Client projects: Return visit Sjölunda School

Project facts

Client:
Sjölunda School, Lidköping Municipality, Sweden

Number of students:
approx. 300

Years:
Preschool-6

Number of staff:
45

Area:
6,500 m2 on two floors

Completed:
Autumn 2017

Back to the sustainable school of the future

In autumn 2017, Sjölunda School in Lidköping, Sweden opened the doors to its newly built, innovative and flexible learning spaces. Six years later, we went back to ask Principal Sofia Sabel Andersson how they succeeded in creating such a long-term sustainable school and how learning spaces affect well-being and study results. 

When did you say the school was built? Sjölunda School’s principal Sofia Sabel Andersson is used to the surprise of many national and international study visitors that the school with its bright spaces, soft carpets and upholstered furniture is actually no longer completely new. When the school was designed, she worked closely with former principal Elisabet Ingemarsson on everything from operational ideas, recruitment and interior design, and she has a clear picture of how it all turned out so well.

“The key was that Elisabet had a clear picture of what she wanted with the school. During the process, we involved both staff and the children, analysed our needs and asked ourselves what we would do, how we would do it and why. We took everything step by step, so we had the opportunity to test and evaluate the choices we made along the way,” she says.

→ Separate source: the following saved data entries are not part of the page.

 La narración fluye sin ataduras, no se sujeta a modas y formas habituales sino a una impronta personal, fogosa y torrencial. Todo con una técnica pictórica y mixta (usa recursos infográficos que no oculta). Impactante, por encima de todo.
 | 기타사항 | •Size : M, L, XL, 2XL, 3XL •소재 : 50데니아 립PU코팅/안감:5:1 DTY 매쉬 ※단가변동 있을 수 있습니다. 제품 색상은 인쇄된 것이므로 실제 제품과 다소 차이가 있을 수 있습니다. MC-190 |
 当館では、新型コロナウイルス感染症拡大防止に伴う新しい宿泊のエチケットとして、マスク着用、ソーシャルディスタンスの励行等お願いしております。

Early in the process, the school worked closely with Kinnarps, with its sights firmly set on the goal that the physical environment should always support their educational principles and respect each individual’s needs and conditions for learning.

“We were incredibly particular that those who built and designed Sjölunda, and those who applied to be teachers, understood the school’s vision and shared our view that the children here are competent and have an inherent desire to learn and develop. You have to dare to question your usual ways of working and realise that today’s children have new ways of learning. This places demands on both the pedagogy and the interior design, as the two are connected,” says Sabel Andersson. 

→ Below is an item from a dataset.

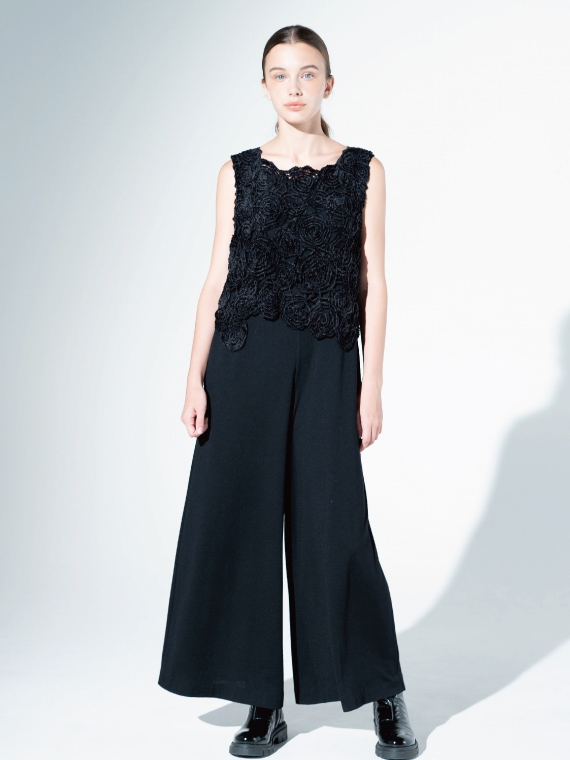 天然素材ならではの豊かな風合いと、ほどよい落ち感が魅力で、ワイドパンツのシルエットを美しく表現してくれます。

The conviction, then and now, was that solutions must be customised to the teaching methods of today and tomorrow. Different activities require different spaces, and every child learns differently. Some enjoy working in groups, others need to be on their own, some want to stand at a high table, some prefer to lie on a carpet on the floor. And learning does not only take place in the classroom, the entire school needs to be a learning environment.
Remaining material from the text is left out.